What to produce.
Please, from the entries below, transcribe exactly the lines that begin at the line with "Części wspólne kamienicy" and end at the line with "Longines Master Collection", without the pictures.

Recorded information.
■ ■ ■ ■
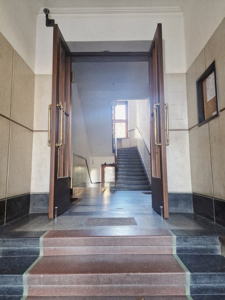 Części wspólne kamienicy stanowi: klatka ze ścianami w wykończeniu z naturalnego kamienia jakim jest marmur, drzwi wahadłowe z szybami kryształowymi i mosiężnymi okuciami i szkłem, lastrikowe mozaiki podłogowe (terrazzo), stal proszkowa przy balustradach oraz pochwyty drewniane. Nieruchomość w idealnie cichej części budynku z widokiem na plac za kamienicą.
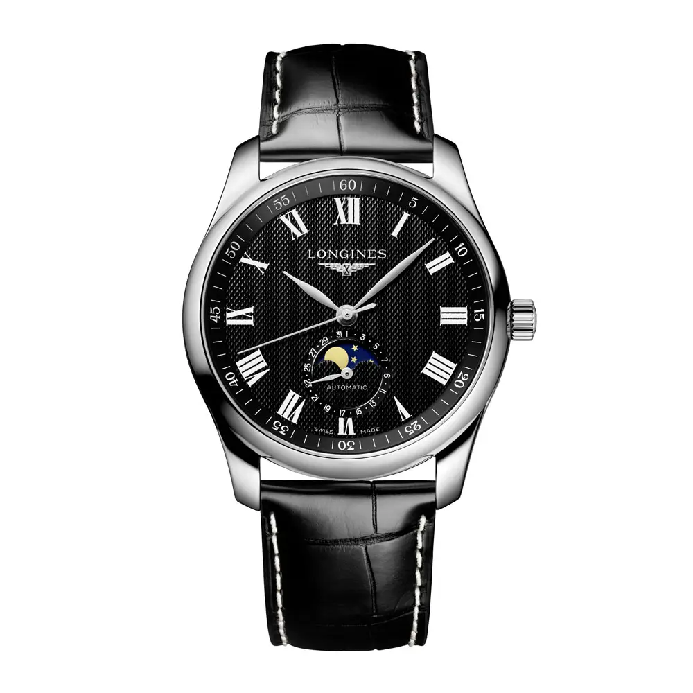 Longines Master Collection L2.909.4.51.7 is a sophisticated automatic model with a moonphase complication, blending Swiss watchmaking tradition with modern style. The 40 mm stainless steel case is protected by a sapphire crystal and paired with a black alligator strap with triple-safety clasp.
■ ■ ■ ■
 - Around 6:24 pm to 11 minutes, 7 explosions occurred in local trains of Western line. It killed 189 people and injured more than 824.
■ ■ ■ ■
Your response.
 Części wspólne kamienicy stanowi: klatka ze ścianami w wykończeniu z naturalnego kamienia jakim jest marmur, drzwi wahadłowe z szybami kryształowymi i mosiężnymi okuciami i szkłem, lastrikowe mozaiki podłogowe (terrazzo), stal proszkowa przy balustradach oraz pochwyty drewniane. Nieruchomość w idealnie cichej części budynku z widokiem na plac za kamienicą.
 Longines Master Collection L2.909.4.51.7 is a sophisticated automatic model with a moonphase complication, blending Swiss watchmaking tradition with modern style. The 40 mm stainless steel case is protected by a sapphire crystal and paired with a black alligator strap with triple-safety clasp.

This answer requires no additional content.